Говорила, конечно. Версий было две: что Леня выстрелил сам в себя и что ружье выстрелило само от небрежного обращения, потому что Леня был очень пьяный. Об этом рассказывал Алик Альтшулер . Риты, как известно, там не было, поэтому она говорила об этом все время, но и она не знала. Факт, что Леня очень просил спасти его.

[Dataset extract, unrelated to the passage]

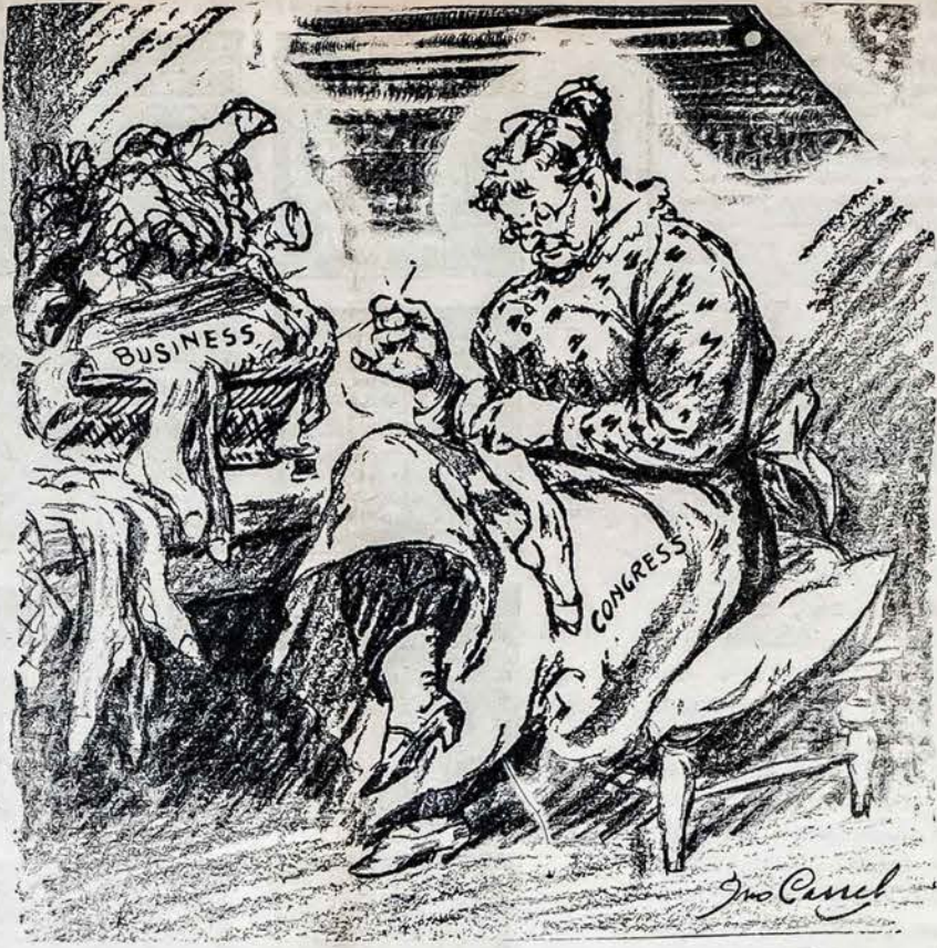
S. V. KONGRESAS RENGIASI PRIE NAUJO 1941 M. BIZNIO

Как вы думаете, могла ли на него в плане начала депрессии повлиять история со Швейгольцем ? Это, конечно, раньше, середина 1960-х, но все-таки... Аронзон ходил на его процесс.

Мы все ходили на его процесс, а также на процесс Бродского, и эта история повлияла на всех очень сильно. Швейк (Швейгольц. - И.К. ) явно и стремительно сошел с ума, и это было страшно неожиданно. Хотя началось это еще на моей свадьбе в 1961 году. Мы с моим мужем , очень молодые люди, сняли какой-то подвал и пригласили наших друзей на свадьбу. Были Швейгольц, Славинский, Галя Подраболова. Когда они шли, какие-то хулиганы пристали к Гале, и Швейк тогда начал им угрожать. Они зашли вместе с ним в этот наш подвал, Швейк схватил с плиты огромный чугунный утюг и ничтоже сумняшеся пробил три черепа. Двое убежали, третий остался лежать. Потом выяснилось, что все они попали в больницу с трепанацией черепа, и вроде как один из них умер. Я помню, как мы все ездили в больницу, потому что если действительно умер, то Швейк ведь пропал. Нас водили к следователю, и мы говорили, что да, была агрессия, это была защита. К счастью, этот человек выжил. Мой папа, адвокат, который очень помог в этой ситуации , сказал Швейку: «Володя, кровь тянет за собой кровь, будьте осторожны». И когда случилось то, что случилось, то фраза эта у нас в ушах просто звенела. На нас на всех это произвело ужасное впечатление. Вы думаете, что Ленины депрессии начались с этого?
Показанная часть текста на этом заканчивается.